Some companies pay employees in mid-December, so salaries have to stretch a month-and-a-half until the end of January. Many employers cannot pay full 13th cheques or year-end bonuses, so consumers have no cushion to cover the extra festive-season expenses. In both cases, many turn to loans to make up the difference.
Experts have cautioned consumers, especially those with the luxury of getting the bonus, to tread carefully during the festive silly season because by the time they go back to work in January and the children return to school, they start the New Year playing financial catch-up. This often result in people taking on even more debt.
Benay Sager, chairperson of the National Debt Counsellors’ Association, says this cycle repeats itself year after year.
“It’s a treacherous tide, but with some planning you can swim against it. Our members see enquiries about debt management spike every January and February. This has intensified over the past two years as higher inflation and interest rates exacerbate the situation.
“Typically, what we see happening in mid-January and extending into February is that consumers find themselves in a pinch and borrow money to make it through until they get paid. The problem is that the repayments on these loans add long-term pressure on households, which are only just keeping their heads above water. One unexpected expense or emergency can then result in serious financial difficulty.”
How stokvels can make the most of Black Friday
Claire Klassen, a consumer financial education specialist, says financial wellness starts with the recognition of the bad spending habits you have and replacing those bad habits with good spending or savings habits.
“Financial wellness has more to do with effective budgeting than people think. Once you understand that money is a tool for reaching your financial aspirations in life, you will start thinking about money differently. You will start realising that money is not to be wasted and each purchasing decision made needs to be done in a cautious manner and accounted for,” said Klassen.

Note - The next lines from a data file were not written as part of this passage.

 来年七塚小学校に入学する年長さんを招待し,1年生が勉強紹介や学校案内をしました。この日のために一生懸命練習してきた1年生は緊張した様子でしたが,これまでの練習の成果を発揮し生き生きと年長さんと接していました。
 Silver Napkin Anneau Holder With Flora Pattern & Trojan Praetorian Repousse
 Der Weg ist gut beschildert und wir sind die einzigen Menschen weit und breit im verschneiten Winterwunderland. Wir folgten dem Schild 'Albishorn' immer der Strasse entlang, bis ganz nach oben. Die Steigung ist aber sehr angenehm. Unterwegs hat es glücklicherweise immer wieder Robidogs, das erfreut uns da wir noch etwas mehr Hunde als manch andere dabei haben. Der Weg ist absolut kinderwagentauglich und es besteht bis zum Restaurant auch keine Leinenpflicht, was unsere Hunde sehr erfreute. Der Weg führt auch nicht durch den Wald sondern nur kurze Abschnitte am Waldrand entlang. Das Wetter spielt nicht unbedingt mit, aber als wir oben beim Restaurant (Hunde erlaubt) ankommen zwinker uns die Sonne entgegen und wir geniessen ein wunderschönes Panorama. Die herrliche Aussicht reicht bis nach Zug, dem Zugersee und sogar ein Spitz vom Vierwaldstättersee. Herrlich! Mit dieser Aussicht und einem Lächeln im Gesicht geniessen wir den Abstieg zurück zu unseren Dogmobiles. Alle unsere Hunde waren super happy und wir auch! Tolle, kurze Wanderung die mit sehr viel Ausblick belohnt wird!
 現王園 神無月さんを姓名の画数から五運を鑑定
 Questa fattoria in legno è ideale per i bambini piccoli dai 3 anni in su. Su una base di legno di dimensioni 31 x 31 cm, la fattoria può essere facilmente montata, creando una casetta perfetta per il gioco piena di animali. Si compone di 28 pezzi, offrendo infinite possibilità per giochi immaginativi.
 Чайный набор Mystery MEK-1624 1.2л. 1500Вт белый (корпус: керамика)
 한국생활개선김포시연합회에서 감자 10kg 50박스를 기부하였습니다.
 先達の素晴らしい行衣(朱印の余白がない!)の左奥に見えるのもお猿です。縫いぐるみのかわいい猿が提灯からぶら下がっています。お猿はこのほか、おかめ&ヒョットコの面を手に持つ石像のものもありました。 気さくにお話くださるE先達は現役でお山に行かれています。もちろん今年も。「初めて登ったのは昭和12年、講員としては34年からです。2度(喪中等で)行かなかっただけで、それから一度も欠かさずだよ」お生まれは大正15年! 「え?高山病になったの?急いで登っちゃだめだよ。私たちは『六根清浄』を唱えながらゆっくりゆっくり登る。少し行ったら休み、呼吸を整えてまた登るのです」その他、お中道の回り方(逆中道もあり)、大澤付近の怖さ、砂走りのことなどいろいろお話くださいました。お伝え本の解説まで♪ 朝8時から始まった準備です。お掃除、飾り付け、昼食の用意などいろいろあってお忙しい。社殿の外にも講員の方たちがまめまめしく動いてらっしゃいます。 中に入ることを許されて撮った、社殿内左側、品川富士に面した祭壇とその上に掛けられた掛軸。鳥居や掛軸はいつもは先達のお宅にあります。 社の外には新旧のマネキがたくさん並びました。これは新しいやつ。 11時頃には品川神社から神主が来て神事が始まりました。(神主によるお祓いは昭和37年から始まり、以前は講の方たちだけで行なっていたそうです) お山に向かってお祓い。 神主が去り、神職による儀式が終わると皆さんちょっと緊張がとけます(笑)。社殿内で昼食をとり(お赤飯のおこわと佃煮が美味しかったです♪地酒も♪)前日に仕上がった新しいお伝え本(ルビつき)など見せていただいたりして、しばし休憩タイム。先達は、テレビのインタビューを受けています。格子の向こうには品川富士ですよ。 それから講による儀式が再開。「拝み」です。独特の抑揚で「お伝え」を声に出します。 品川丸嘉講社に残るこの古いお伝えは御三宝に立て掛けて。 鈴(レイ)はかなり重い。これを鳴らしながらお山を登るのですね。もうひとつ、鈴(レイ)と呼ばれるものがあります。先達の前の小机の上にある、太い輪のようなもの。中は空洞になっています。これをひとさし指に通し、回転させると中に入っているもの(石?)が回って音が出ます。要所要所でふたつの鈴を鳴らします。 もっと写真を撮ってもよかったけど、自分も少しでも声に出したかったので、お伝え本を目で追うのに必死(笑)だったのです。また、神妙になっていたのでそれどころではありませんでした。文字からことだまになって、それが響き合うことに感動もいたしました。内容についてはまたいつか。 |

She says it is important for people to understand their spending habit and before budgeting.
“Make a list of what you earn versus what you spend. The best way to make it easier to budget is to write down or keep an excel spreadsheet of your expenses for the month before you start to budget or you can use WeThinkCode budgeting app to help you manage your expenses.
“Settle debt with the highest interest first, like a credit card, home loan, or vehicle finance, while still paying towards your other smaller debts. Don’t buy luxury items with credit, save towards them and rather pay cash. Calculate how many months it will take you to purchase the item at an affordable amount per month, then place it in your budget, mark it as a short-term or long-term goal,” said Klassen.

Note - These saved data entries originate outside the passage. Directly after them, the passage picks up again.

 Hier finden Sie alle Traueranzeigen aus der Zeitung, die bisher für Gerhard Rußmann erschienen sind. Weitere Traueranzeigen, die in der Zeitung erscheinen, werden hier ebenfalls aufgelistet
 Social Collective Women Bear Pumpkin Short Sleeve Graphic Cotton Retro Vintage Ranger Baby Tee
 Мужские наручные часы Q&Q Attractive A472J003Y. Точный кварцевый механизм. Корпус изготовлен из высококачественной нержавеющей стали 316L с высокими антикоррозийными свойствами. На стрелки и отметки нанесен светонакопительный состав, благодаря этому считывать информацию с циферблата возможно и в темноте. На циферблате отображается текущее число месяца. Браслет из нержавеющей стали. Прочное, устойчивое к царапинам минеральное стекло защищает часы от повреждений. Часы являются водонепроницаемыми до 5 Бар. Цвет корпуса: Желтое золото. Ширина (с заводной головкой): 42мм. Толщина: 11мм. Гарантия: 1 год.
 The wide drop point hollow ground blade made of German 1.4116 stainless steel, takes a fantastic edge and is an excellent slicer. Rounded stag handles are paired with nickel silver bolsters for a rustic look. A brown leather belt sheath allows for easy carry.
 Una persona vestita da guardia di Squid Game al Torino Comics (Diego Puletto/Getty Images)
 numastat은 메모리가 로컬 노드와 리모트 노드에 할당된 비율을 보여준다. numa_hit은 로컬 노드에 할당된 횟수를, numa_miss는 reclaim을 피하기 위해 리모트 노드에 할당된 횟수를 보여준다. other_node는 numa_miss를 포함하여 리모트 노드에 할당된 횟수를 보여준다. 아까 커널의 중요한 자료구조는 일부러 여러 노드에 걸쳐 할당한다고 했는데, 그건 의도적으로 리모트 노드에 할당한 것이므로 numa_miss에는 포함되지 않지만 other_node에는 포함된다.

Sager suggests the following for people wanting to swim against the tide of borrowing this holiday period:
Plan ahead: If you get paid early in December, remember you will need to stretch your salary until the next paycheque. Allocate money for normal living expenses for the full period, factoring in January expenses, before you decide how much to spend on gifts and entertainment.

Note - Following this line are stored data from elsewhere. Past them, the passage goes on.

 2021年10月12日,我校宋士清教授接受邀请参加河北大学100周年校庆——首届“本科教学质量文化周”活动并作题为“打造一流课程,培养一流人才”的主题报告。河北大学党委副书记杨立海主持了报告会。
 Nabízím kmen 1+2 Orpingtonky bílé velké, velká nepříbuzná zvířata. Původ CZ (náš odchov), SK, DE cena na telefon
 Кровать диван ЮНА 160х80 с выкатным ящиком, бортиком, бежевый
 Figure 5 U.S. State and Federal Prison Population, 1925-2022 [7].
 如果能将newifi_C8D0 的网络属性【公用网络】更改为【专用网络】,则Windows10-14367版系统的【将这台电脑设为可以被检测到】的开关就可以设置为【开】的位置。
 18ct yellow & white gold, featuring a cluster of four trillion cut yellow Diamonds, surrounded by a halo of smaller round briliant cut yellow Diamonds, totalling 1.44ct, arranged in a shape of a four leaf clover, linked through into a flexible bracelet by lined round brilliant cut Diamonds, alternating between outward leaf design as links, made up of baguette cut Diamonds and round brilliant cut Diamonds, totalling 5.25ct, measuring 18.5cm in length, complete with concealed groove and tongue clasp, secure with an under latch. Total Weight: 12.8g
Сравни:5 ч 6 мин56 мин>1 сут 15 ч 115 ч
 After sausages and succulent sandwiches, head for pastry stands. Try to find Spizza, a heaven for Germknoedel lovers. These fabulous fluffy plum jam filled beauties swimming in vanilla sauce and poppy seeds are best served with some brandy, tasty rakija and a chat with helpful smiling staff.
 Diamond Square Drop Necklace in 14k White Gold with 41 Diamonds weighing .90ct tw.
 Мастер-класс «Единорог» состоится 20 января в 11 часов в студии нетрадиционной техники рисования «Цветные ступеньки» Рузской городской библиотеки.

Also consider your existing debit orders will still run in December. If there isn’t enough money in your account to cover these, you might fall behind on your payments and your credit score could be affected. Your bank may also penalise you by charging additional fees.
Be considered: If you are lucky enough to get a bonus, you could suddenly have extra money in your account. Although you may feel flush, resist the temptation to splurge. Think first about your financial commitments and consider saving or investing some to provide a financial cushion for the New Year.
Get help if you need it: After a difficult year, most of us need a break and time to recharge. That is not going to happen if you spend the holidays worrying about how much you owe and how you are going to make ends meet in January.
A reputable debt counsellor will do a free assessment, advise whether you can benefit from debt counselling and explain how the process works.